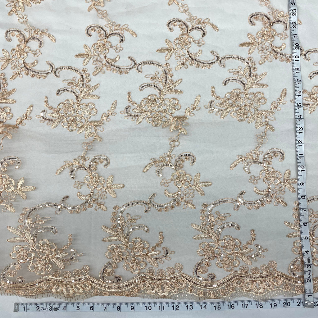 Sequined & Corded Lace Fabric Embroidered on 100% Polyester Net Mesh | Lace USA - GD-09
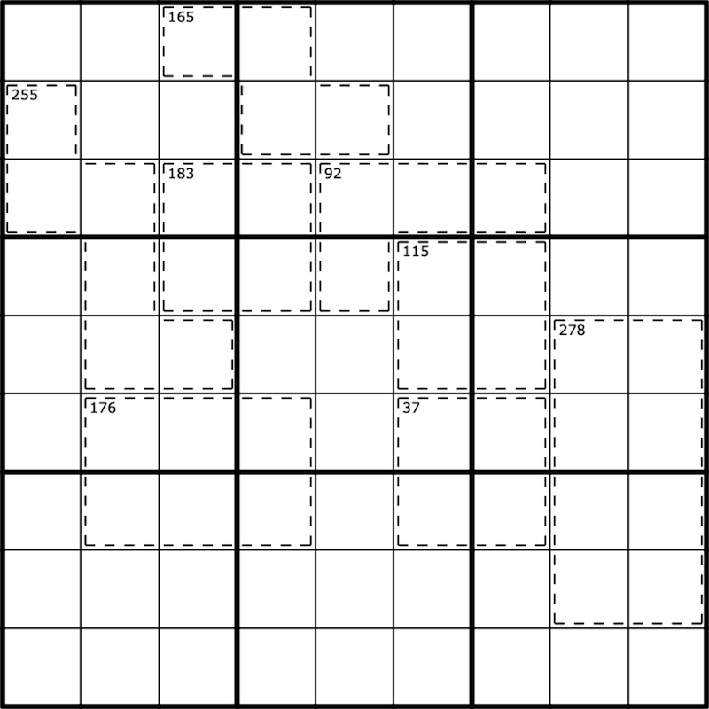 Giant Killers: In cages digits may not repeat. Digits in a cage are grouped into pairs of adjacent cells - each cell used exactly once. Each pair is a two-digit number, read left to right or top to bottom. The sum of the two digit numbers is given in the upper left corner of the cage.
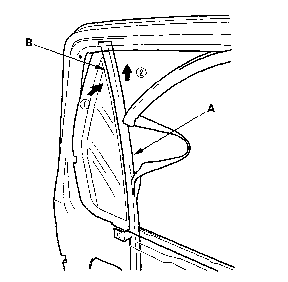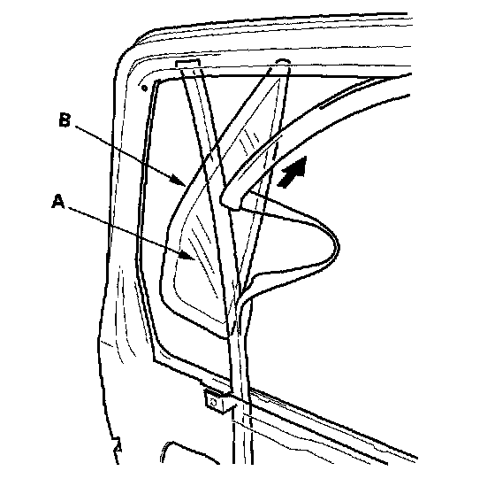 5. Remove the door quarter glass (A) and seal (B) as an assembly from the door.
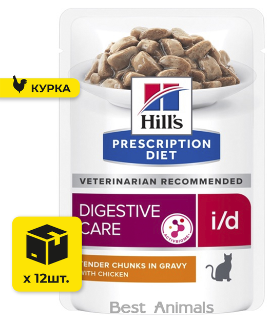 Ветеринарна дієта для котів Hill’s Prescription Diet i/d Digestive Care Хілс вологий корм з куркою для здоров'я ШКТ пауч 85
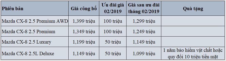 Hai phiên bản Mazda CX-8 Luxury và Mazda CX-8 2.5 Deluxe có mức giảm 50 triệu đồng. Giá hiện tại của 2 phiên bản này lần lượt là 1,149 tỷ đồng và 1,099 tỷ đồng.
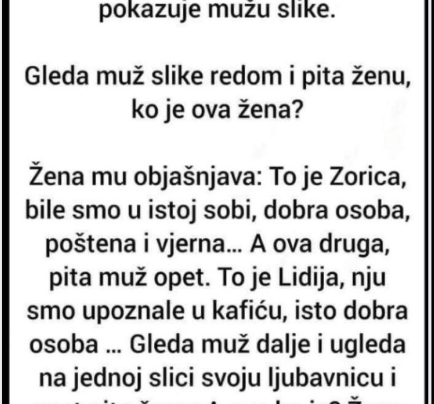 Vratila se žena sa mora i pokazuje mužu slike. Gleda muž slike redom i pita ženu, ko je ova žena?…
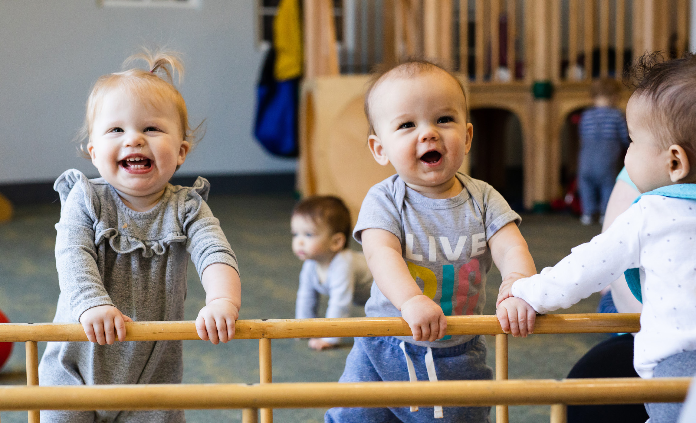 Our nursery classrooms are an extension of the home. Our nursery staff is warm, engaging, and friendly. Nurturing and Safety are our first priorities. The adults in the environment act as guides to support learning in the following areas:

———

Goal of the exercise. Only the lines from the start of the records to the one containing "Hai phiên bản" should be repeated, exactly and with both ends kept; drop any pictures.

Task response.
 Sequined & Corded Lace Fabric Embroidered on 100% Polyester Net Mesh | Lace USA - GD-09
 Giant Killers: In cages digits may not repeat. Digits in a cage are grouped into pairs of adjacent cells - each cell used exactly once. Each pair is a two-digit number, read left to right or top to bottom. The sum of the two digit numbers is given in the upper left corner of the cage.
 5. Remove the door quarter glass (A) and seal (B) as an assembly from the door.
 Ветеринарна дієта для котів Hill’s Prescription Diet i/d Digestive Care Хілс вологий корм з куркою для здоров'я ШКТ пауч 85
 Hai phiên bản Mazda CX-8 Luxury và Mazda CX-8 2.5 Deluxe có mức giảm 50 triệu đồng. Giá hiện tại của 2 phiên bản này lần lượt là 1,149 tỷ đồng và 1,099 tỷ đồng.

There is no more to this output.